──────── SUPPLIED DATA

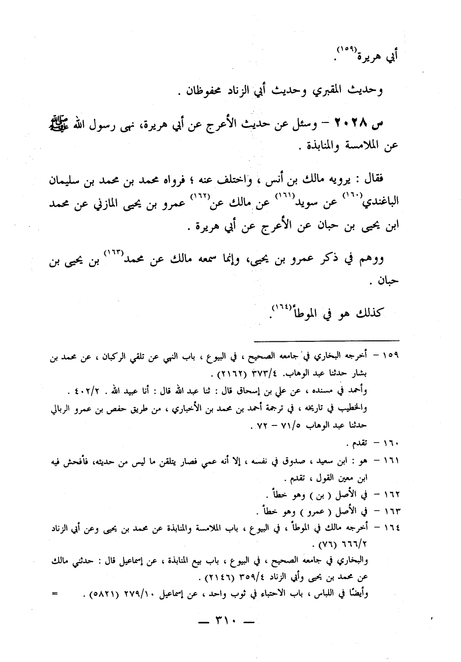 2028- وسئل عن حديث الأعرج، عن أبي هريرة: نَهَى رَسُولُ اللَّهِ صَلَّى اللَّهُ عَلَيْهِ وَسَلَّمَ عَنِ الْمُلَامَسَةِ وَالْمُنَابَذَةِ.
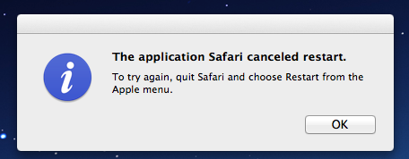 Help was on another forum and was reading some viewer comments and clicked on a link I thought was related to the story and got pop screen. I don't exactly recall but I thought I said if you want to close this webpage and be redirected back to the original website and I clicked on it and now I can't close safari or restart my computer.I get this annoying pop up that says "This application canceled restart" any help or suggestions would be much appreciated.........
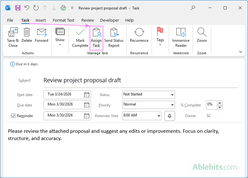 If you've already created a task and later decide to delegate it to someone else, you don't need to start over. Outlook lets you assign an existing task in just a couple of quick ways.
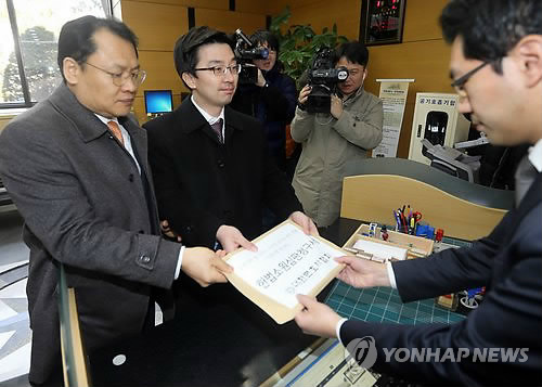 | △ 대한변협 김영란법 헌법소원심판청구서 접수 (서울=연합뉴스) 최재구 기자 = 대한변호사협회 강신업 홍보이사(왼쪽)와 채명성 법제이사가 부정청탁 및 금품등 수수의 금지에관한 법률(김영란법)에 관한 헌법소원심판청구서를 5일 서울 헌법재판소 민원실에 제출하고 있다. |
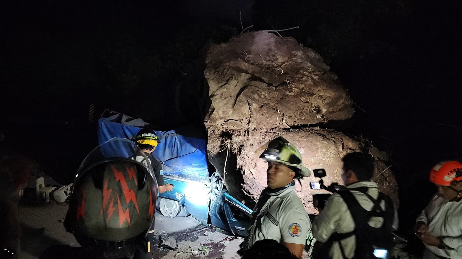 Según las autoridades, el incidente se suscitó cuando una roca de gran tamaño cayó sobre el vehículo en el que se transportaban.
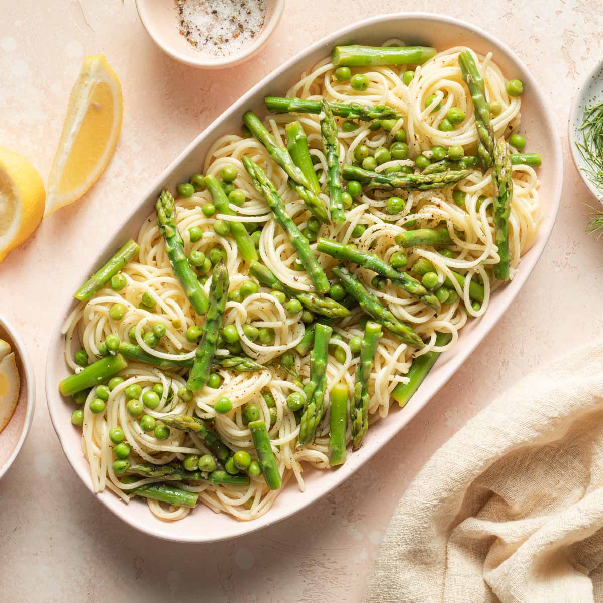 Lemon Garlic Pasta is quick and easy with fresh dill, peas and asparagus. There’s no butter or cream and it takes just 25 minutes to make!

────────────────

ABOUT THIS EXERCISE. Retype only the lines from the one with "Según las autoridades, el" through the final line of the entries, please, and keep the pictures out.

OUTPUT FOR THIS TASK.
 Según las autoridades, el incidente se suscitó cuando una roca de gran tamaño cayó sobre el vehículo en el que se transportaban.
 Lemon Garlic Pasta is quick and easy with fresh dill, peas and asparagus. There’s no butter or cream and it takes just 25 minutes to make!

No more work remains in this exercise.